▶ MATERIAL SUPPLIED:
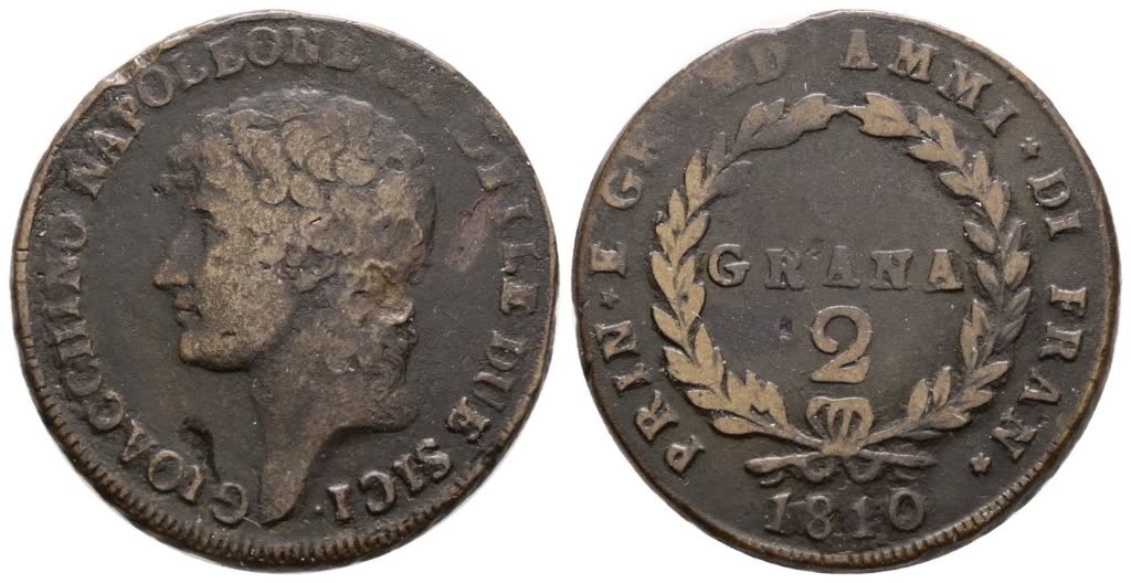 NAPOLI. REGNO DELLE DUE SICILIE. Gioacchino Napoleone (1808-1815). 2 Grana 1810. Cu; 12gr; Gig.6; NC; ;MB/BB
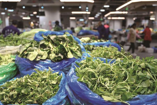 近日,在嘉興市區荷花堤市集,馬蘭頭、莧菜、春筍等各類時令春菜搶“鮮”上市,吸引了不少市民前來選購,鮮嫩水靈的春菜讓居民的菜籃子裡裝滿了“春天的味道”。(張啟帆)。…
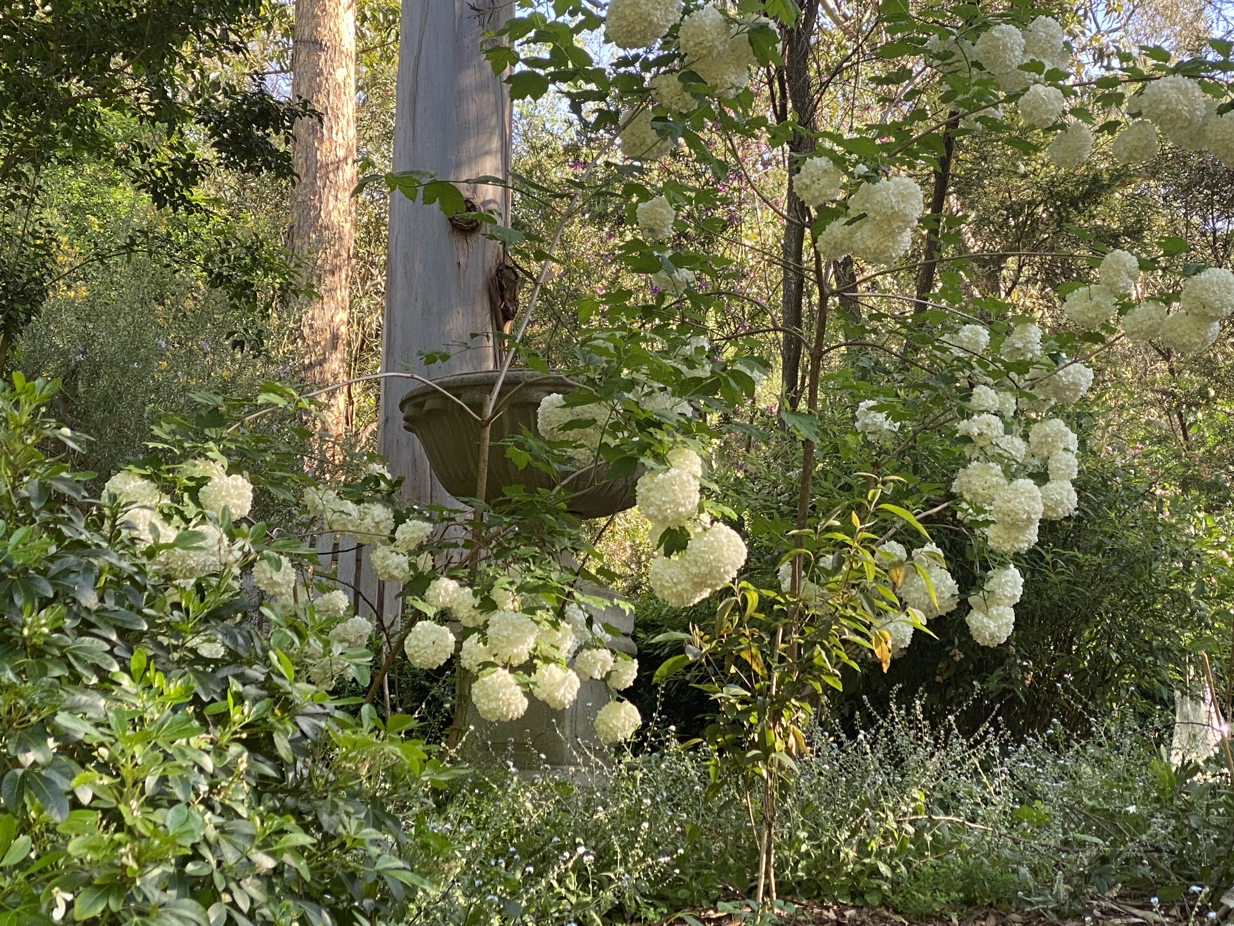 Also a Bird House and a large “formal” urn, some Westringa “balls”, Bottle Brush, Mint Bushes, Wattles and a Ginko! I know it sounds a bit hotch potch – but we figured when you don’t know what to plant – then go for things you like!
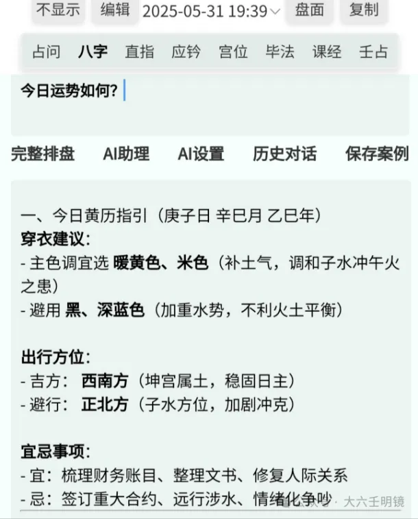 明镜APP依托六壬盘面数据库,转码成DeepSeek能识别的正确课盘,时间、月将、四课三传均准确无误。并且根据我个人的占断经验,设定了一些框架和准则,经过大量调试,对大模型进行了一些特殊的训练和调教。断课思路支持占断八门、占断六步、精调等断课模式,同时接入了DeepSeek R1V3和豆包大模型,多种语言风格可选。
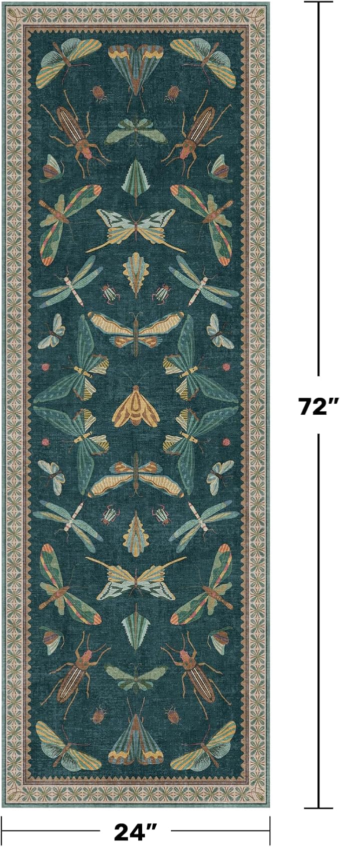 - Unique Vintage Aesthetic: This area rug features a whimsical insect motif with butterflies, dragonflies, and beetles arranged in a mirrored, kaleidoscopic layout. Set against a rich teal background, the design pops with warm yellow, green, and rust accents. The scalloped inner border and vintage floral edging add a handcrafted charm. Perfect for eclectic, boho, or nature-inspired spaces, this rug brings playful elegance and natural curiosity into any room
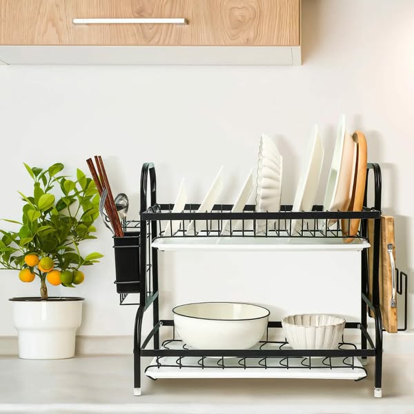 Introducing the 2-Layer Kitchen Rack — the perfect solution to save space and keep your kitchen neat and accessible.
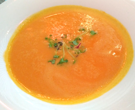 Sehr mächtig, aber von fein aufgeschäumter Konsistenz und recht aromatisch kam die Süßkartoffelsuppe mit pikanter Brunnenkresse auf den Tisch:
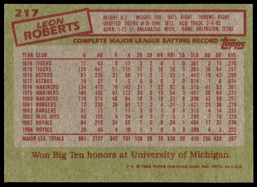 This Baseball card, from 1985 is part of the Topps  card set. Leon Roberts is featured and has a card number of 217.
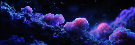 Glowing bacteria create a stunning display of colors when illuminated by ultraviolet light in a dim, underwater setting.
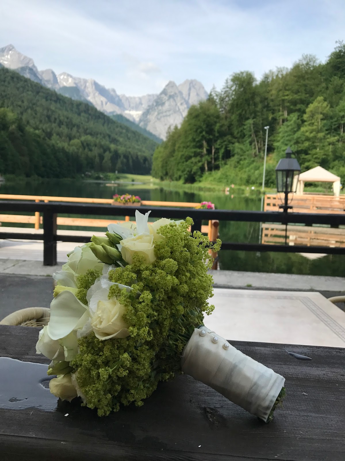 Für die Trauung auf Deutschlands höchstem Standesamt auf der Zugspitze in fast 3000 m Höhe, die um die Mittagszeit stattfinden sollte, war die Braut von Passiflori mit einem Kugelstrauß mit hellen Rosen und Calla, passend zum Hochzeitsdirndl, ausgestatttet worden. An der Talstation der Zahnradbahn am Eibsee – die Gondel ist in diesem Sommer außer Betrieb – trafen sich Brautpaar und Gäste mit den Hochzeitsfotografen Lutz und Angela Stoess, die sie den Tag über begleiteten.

▶ YOUR GOAL:
Every line above between the one containing "近日,在嘉興市區荷花堤市集,馬蘭頭、莧菜" and the one containing "明镜APP依托六壬盘面数据库", those two included, is to be printed exactly. No pictures go into the copy.

▶ COMPLETED TASK:
 近日,在嘉興市區荷花堤市集,馬蘭頭、莧菜、春筍等各類時令春菜搶“鮮”上市,吸引了不少市民前來選購,鮮嫩水靈的春菜讓居民的菜籃子裡裝滿了“春天的味道”。(張啟帆)。…
 Also a Bird House and a large “formal” urn, some Westringa “balls”, Bottle Brush, Mint Bushes, Wattles and a Ginko! I know it sounds a bit hotch potch – but we figured when you don’t know what to plant – then go for things you like!
 明镜APP依托六壬盘面数据库,转码成DeepSeek能识别的正确课盘,时间、月将、四课三传均准确无误。并且根据我个人的占断经验,设定了一些框架和准则,经过大量调试,对大模型进行了一些特殊的训练和调教。断课思路支持占断八门、占断六步、精调等断课模式,同时接入了DeepSeek R1V3和豆包大模型,多种语言风格可选。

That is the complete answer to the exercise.